There are two major problems with this kind of irritating boosterism. First, it creates a straw man by falsely labelling recent histories of the period as only concerned with society and economy. From the books of Sydney and Olive Checkland on 19th-century Scotland, published some decades ago, to Ewen Cameron's 2010 history, Impaled Upon A Thistle, modern academic historians have always written broad panoramas of the nation's past which contain discussions of politics, popular culture, ideas, identity and much else. Even works grounded on economic and social issues avoid a focus on these matters alone. To do otherwise would be myopic in the extreme. This author completely distorts the nature of modern Scottish historiography in order to erroneously claim originality for his own approach.

Second, hardly any of the objectives so boldly outlined in blurb and introduction are fulfilled. Apart from the final section on high culture there is little new in this book. It does not change our understanding of Victorian Scotland one iota. The promised "new research" is minimal. A glance at the pages of footnotes confirms that the volume is overwhelmingly based on secondary sources, many of them written by the very same economic and social historians whom the author apparently holds in such high disdain. Even more remarkably, of the 15 chapters of text, nine are straightforward accounts of the nation's economy or society, the very approach Fry denounces.

The title of the volume will hardly please half the adult population of Scotland today. There is indeed a discussion of women in Victorian society but it is ghettoised in a single chapter with hardly any reference to women elsewhere in the text, with the exception of a few paragraphs on jute workers in Dundee. Like so much of the text, the approach is old-fashioned, with the author oblivious to key trends in modern historiography. The enormous advances in gender and family history mean the role of women can and should be integrated into the general narrative rather than marginalised in its own enclave.

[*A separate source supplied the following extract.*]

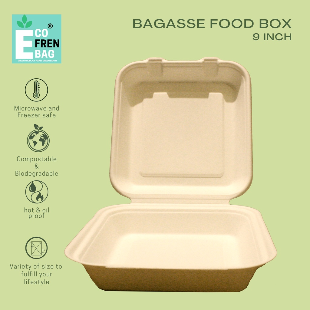 ECOFRENBAG FDA Approved Lunch Box bagasse basic food box 9inch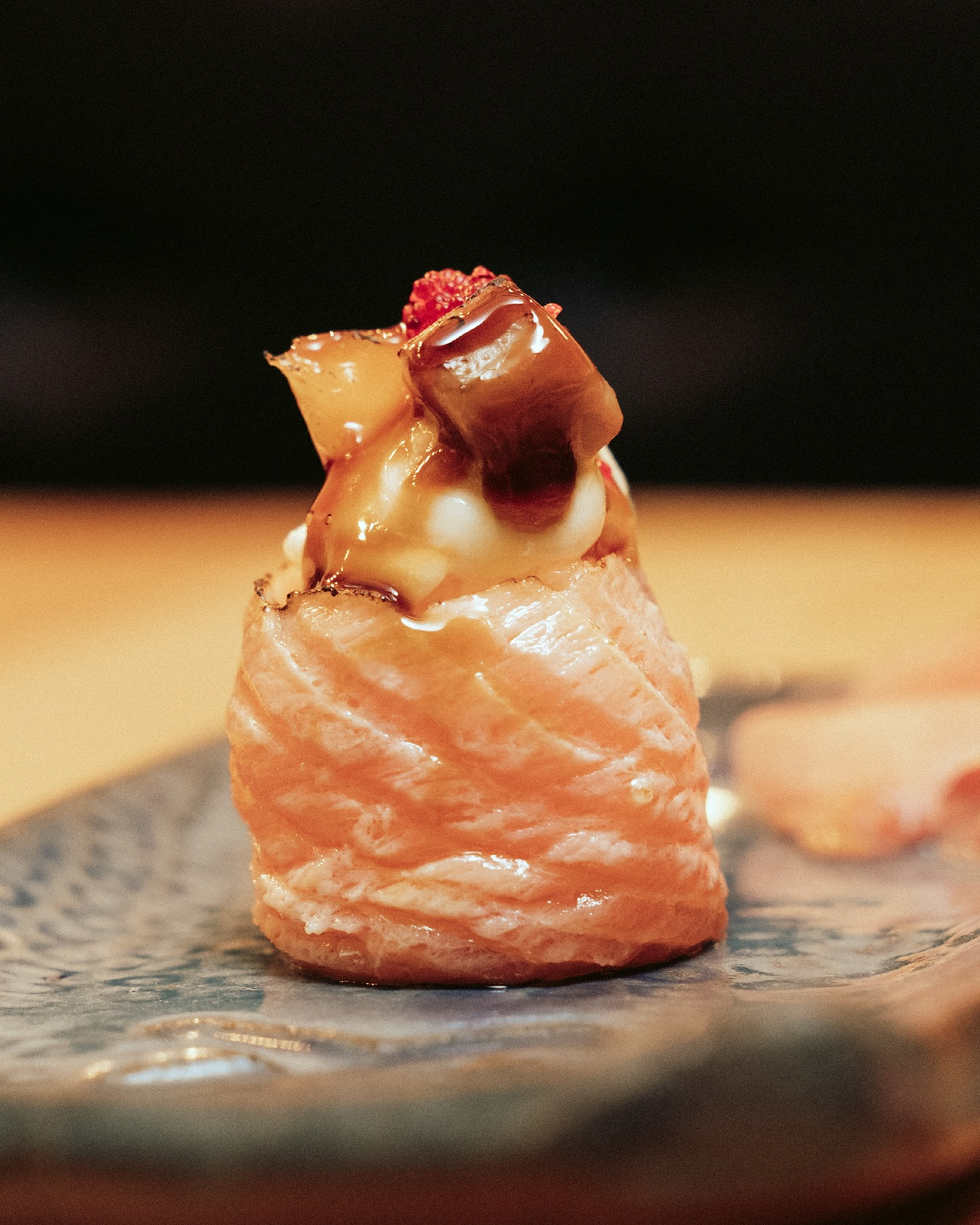Salmón marinado en tacos, aguacate y pepino cubierto de salmón, mahonesa japonesa e ikura (PICANTE)

Astonishingly, especially in light of its claims, this study suffers from two staggering lacunae which place a serious question mark against it being regarded as a rounded history of 19th-century Scotland. Two of the central themes of the period, each with a huge impact on the development of the nation, namely Scotland in the British Empire and the Scottish Diaspora, are ignored. The depth and extent of Scottish involvement in the Victorian Empire was such that every nook and cranny of national life was influenced, whether economy, politics, ideas, religion or popular culture. Quite simply the country in this period was moulded by empire; not to treat the subject in detail is incomprehensible in a book which purports to be a serious history. Equally the extraordinary mass movement of the Scots across the globe is a vital aspect of the national story. Between 1815 and 1914, for every two Scottish children who survived past infancy, one would leave their native land for ever. That vast haemorrhage of people requires explanation, not least because such an analysis tells us much about the nature of the society which generated it. Those looking for answers will not find them in this book.

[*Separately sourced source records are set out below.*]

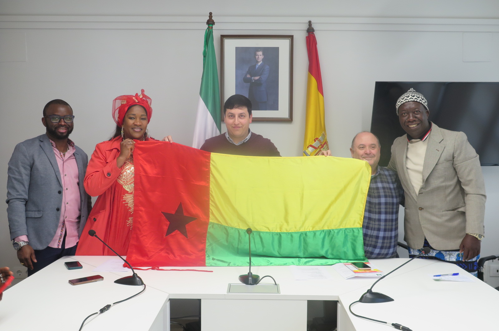 El concejal de Cultura, Cristian M. Cáceres, y el técnico de Cultura, Paco Fernández, recibieron el pasado viernes en el Salón de Plenos la visita de un grupo procedente de Guinea-Bisáu.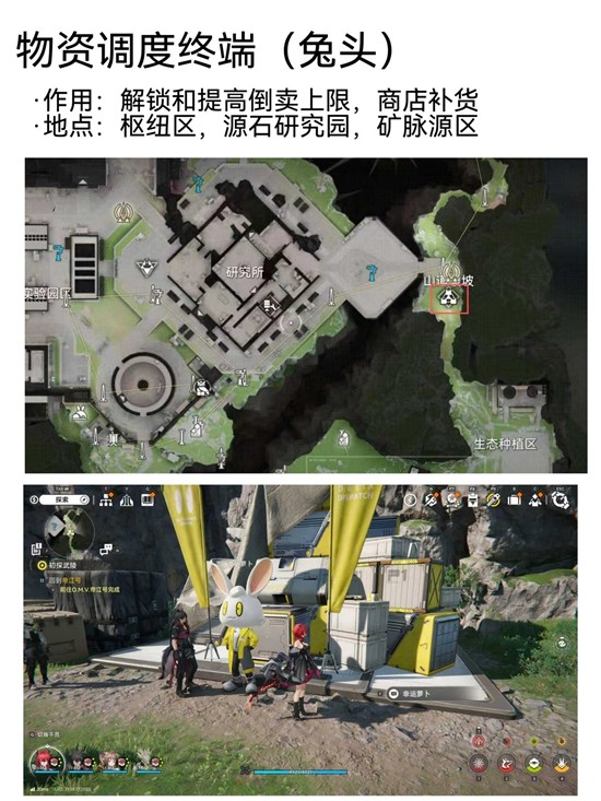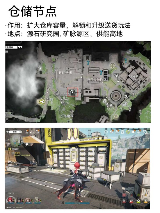 ·三个仓储节点地点:源石研究园,矿脉源区,供能高地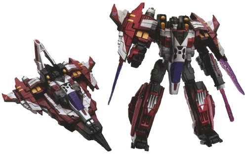 This is a repaint of the Galaxy Force version of Starscream, which I've already mentioned. There are also Supreme and Legends size Starscreams in Cybertron - both share the GF version's colour scheme. This particular toy comes exclusively with Vector Prime as a TRU exclusive. TFU Dirge is a repaint of Starscream (in another two pack!).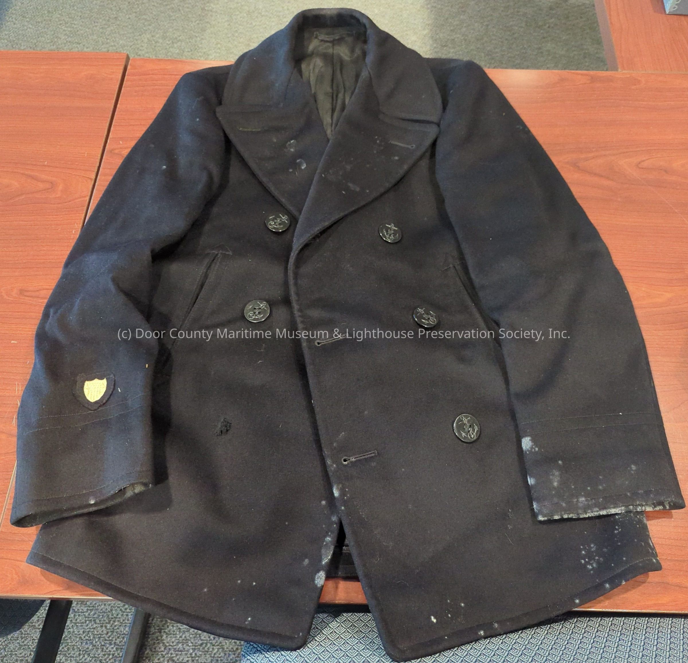 Jacket, pea: overall color navy blue; traditional pea coat cut; 3 buttons; with large lapel flaps; shield emblem on right sleeve.Location
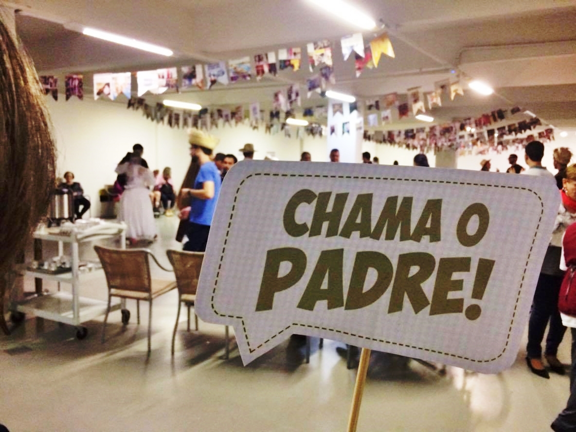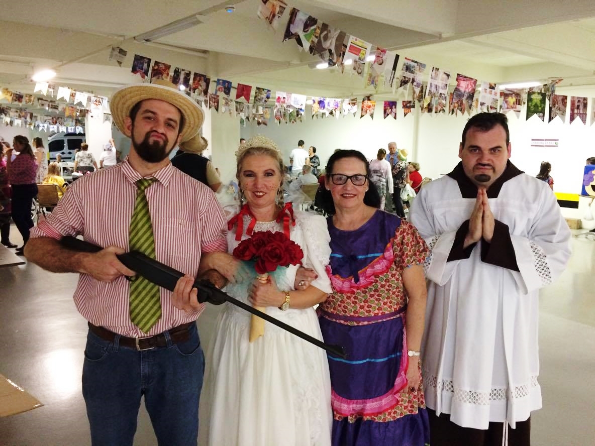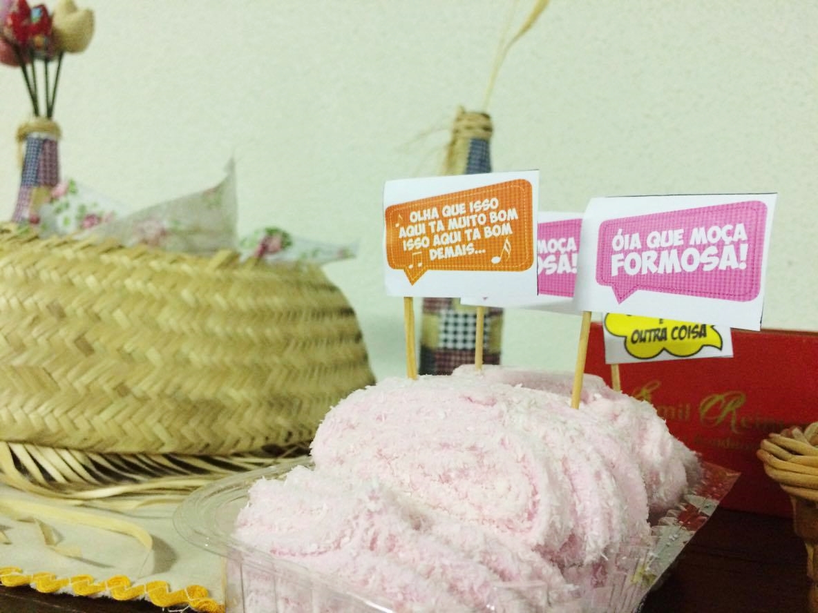 Tem casamento caipira, moça bonita de vestido de chita, canjica, pé de moleque e quentão.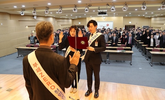 국민건강보험공단 부산지역본부는 2일 오전 본부 1층 대회의실에서 2019년도 시무식 행사에 참여한 직원 170여명을 대상으로 임직원 윤리 및 준법경영을 통한 부패방지 및 깨끗한 공직풍토조성, 고객제일주의 실천을 위한 윤리경영 실천 결의대회를 실시했다. (사진=건보공단 부산본부 제공)

However, this volume fails because it lacks intellectual excitement. The author's preference is for description and narrative with a great deal of factual information in support. Those readers interested in the clash of ideas and opposing interpretations, new and challenging insights, why developments occur in the past and what might be their consequences, the resolution of paradoxes and puzzles - the analysis of history - will have to look elsewhere.